In our data warehouse, our swimmer dimension is also represented by a database table. In a table designed for type 2 data, we would have the following columns:

GUID (same as above, the G is for global, and the data warehouse is part of our world of data)
ID, a unique integer determined by the database engine. This is the primary key of the swimmer dimension table.
version, an integer that starts at 1 and increments by 1 each time a new record is added for a given GUID. There is a 1-1 mapping between (GUID, version) and ID
start date and end date. These two columns define when a given version is valid.
name, birthdate and photo URL fields, just like in production
Team ID. Foreign keys reference primary keys, so rather than recording the Team GUID, we will record the Team ID. This may be a bad idea, if you have arguments about when to use the GUID and when to use the ID when dimensions reference each other, I would be happy to hear from you.

The rule for a data change is fairly simple. In ETL, any changes in the production data are detected. When a change is found, the current version of the entity (e.g., with the same GUID) is end dated and the current version is read and the end time is recorded. A new record is inserted with the GUI, the attributes from production, a new ID , the next version number, the start date is set to the end date of the previous record and the end date is usually sent to 'the end of time'.

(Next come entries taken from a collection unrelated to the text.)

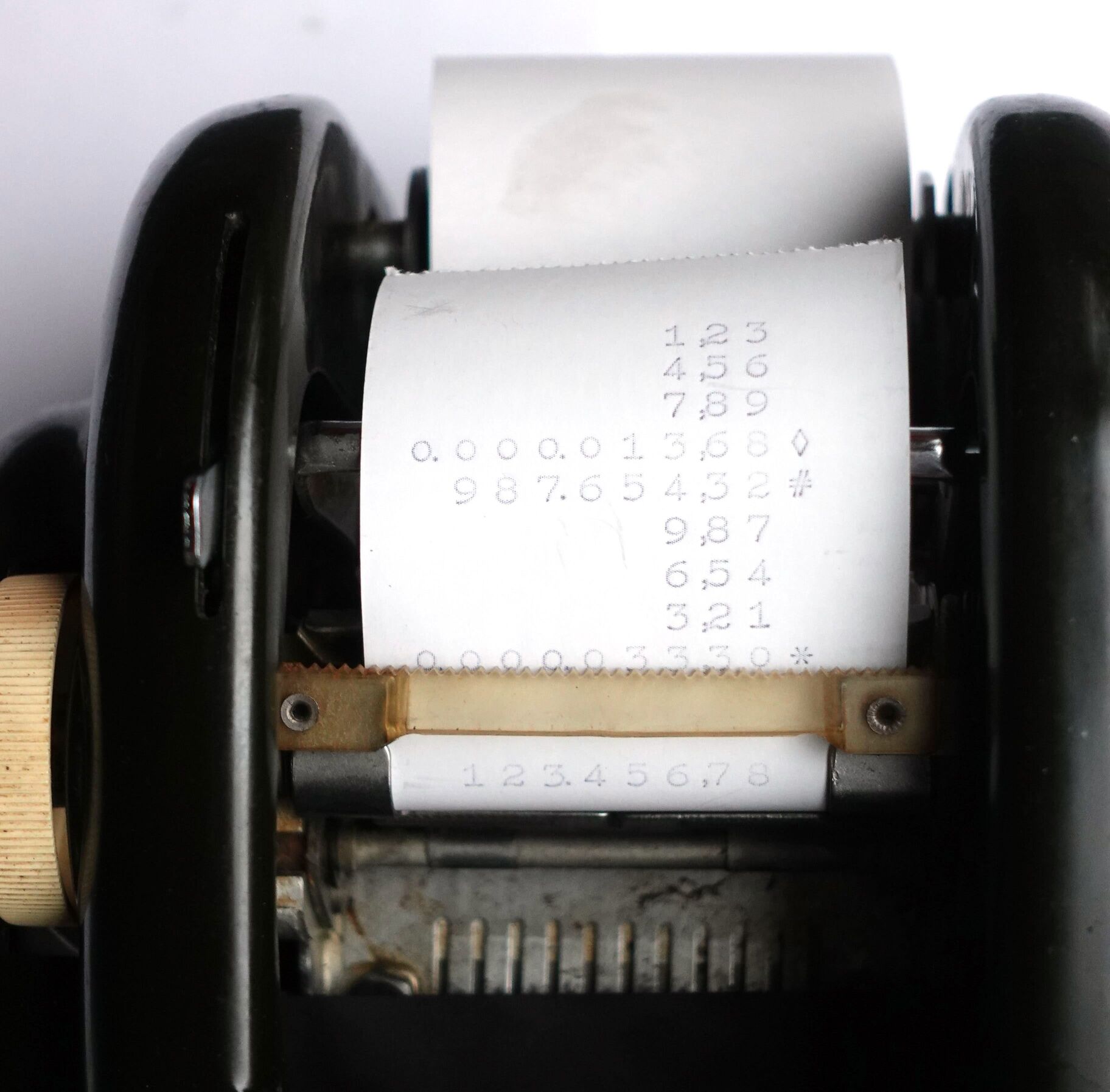 This is a manually driven machine, so every calculation or printing operation involves pulling the large lever forwards and then back. To add just type a number using the ten digit keys and pull the lever. This prints the number and adds it to the internal register. There is a two-way switch on the left that can be flipped to do subtraction or to do a non-add operation (just printing a number without adding it) with the next pull of the lever. The two-way switch on the right selects the total (printing and then clearing the internal register) or sub-total (just printing the internal register). Note that this switch may be blocked, in which case a blank pull of the lever has to be done before the total or subtotal can be printed.
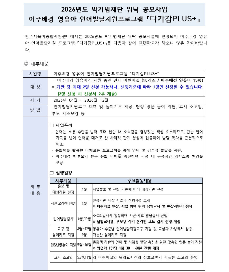 2026³âµµ ¹Ú±â¹üÀç´Ü À§Å¹ °ø¸ð»ç¾÷ - ÀÌÁÖ¹è°æ ¿µÀ¯¾Æ ¾ð¾î¹ß´ÞÇÁ·Î±×·¥ ¡¸´Ù°¡°¨PLUS+¡¹ ¾È³»¹® ¹× ½Åû¼
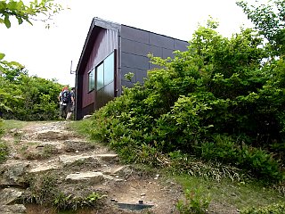 | 野坂岳山頂直下の避難小屋 | 一等三角点のある野坂岳山頂 | 野坂岳山頂から見る岩籠山 |
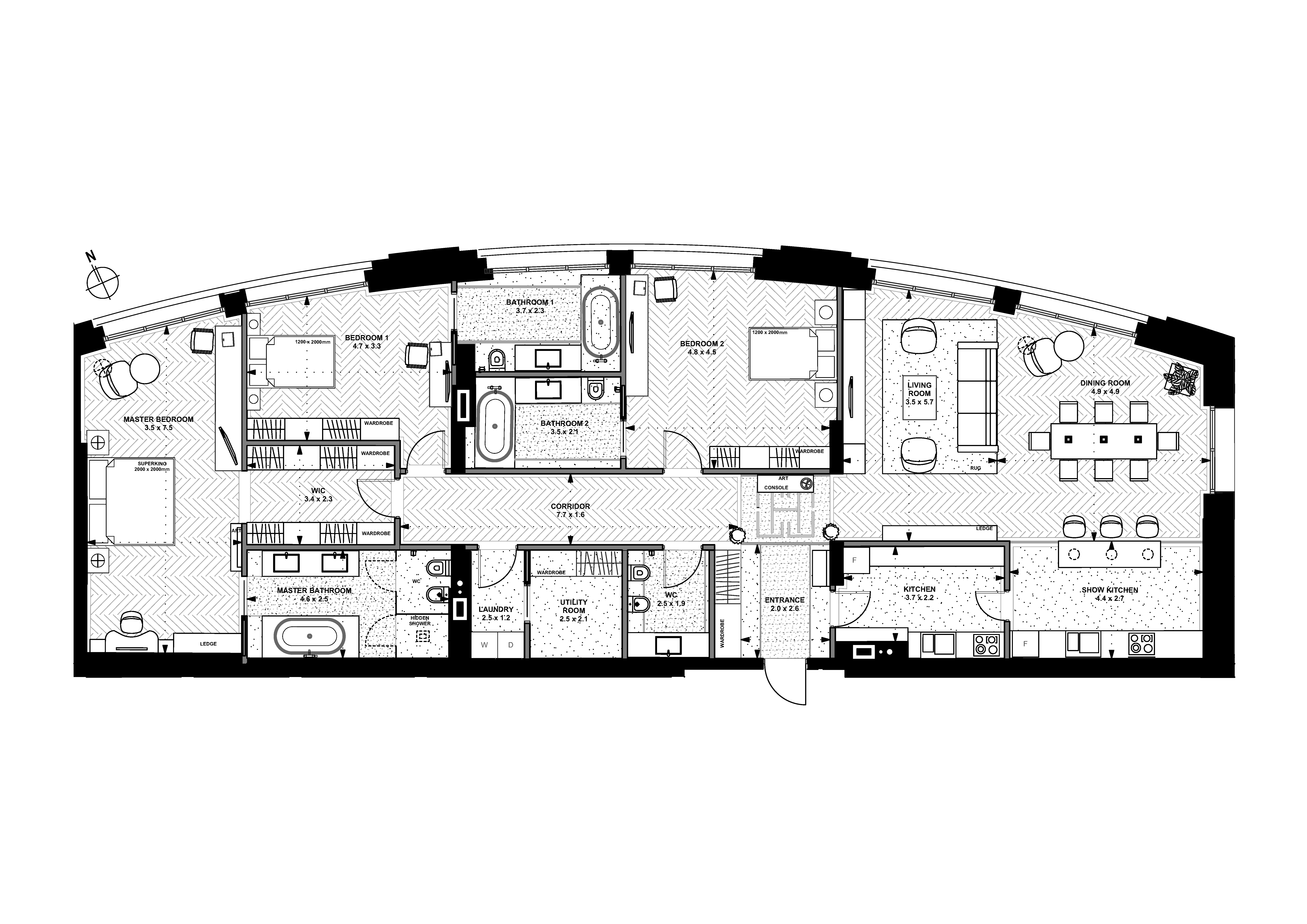 В доме отдельное внимание уделено квартирам для проживания с семьей: во всех спальнях семейных резиденций предусмотрены ванные комнаты и места для гардероба. Каждая резиденция имеет индивидуальную систему вентиляции с фильтрацией и очисткой воздуха. Централизованно очищается вода до состояния питьевой и подается в квартиру.

In order to identify which version is current, the data warehouse architects at ETL-Tools recommend adding a current field, a Boolean set to true for the current value and false for all others. This field is could be determine by a simple rule, such as now() between swimmer_dim.date_from and swimmer_dim.date_to or swimmer_dim.version = ( select max(version) from swimmer_dim sd where sd.GUID = swimmer_dim.GUID) (I use the default field names from Pentaho's Kettle, and the date functions from PostgreSQL, but this is easy to rewrite for other environments.) As a practical matter, it is more efficient to add a current field so you can apply the rule once during ETL rather than each time the you run a query that needs the current values.

I argued that a 'proper' design should be reversible and that no data should be lost. Doesn't adding a current field that I am willing to 'throw away' each time I run ETL violate my theoretical argument? No. The reason is that the information in the current field is redundant. Since I can figure out which record would have been current at any time in the past, changing this field does not irreversibly lose data.

Rather than just recording a Boolean as to which record is current, I add a field called current_id to my dimension tables. If you want a Type 2 time dependence, you just ignore the current_id since the rest of the table was set up to support Type 2. So, if you want a dimension with Type 2 time dependence, you can write

create view swimmer_dim_type2 as
select GUID, ID, version, date_from, date_to
, name, birth_date, photo_url, team_id
from swimmer_dim

If you want a Type 1 time dependence to return the current values for any historical id, you need to make a single self join

create view swimmer_dim_type1
select any.GUID, any.ID, curr.name
, curr.birth_date, curr.photo_url, curr.team_id
from swimmer_dim any
join swimmer_dim curr on any.current_id = curr.id

This ability to act like a dimension of Type 1 or Type 2 is why I call this Type 2+1. But, we know that 2+1=3, so is there a way to get the Type 3 time dependence as well? Yes, but we will need to be able to choose a time when we want to choose the additional columns. In the swimmer example, we want the current team and the team at the beginning of the season. Let's assume that the season began on June 1, 2008. We can create our Type 3 time dependence with:

create view swimmer_dim_type3 as
select any.GUID, any.ID
, curr.name, curr.birth_date, curr.photo_url
, any.team_id, june.team_id as starting_team_id
from swimmer_dim any
join swimmer_dim curr on any.current_id = curr.id
join swimmer_dim june on any.current_id = june.current_id
where cast('2009-06-01' as date) between june.date_from and june.date_to

So, Type 2+1 can emulate Type 1, Type 2 or Type 3 time dependence. As I noted earlier, the time dependence should be determined at the field level, not the table level. If we want to always use the current name, the photo that was current at the time of each race, and the team as of June 1, 2008, we can write a view to do exactly that without the need to alter the ETL or the table structures.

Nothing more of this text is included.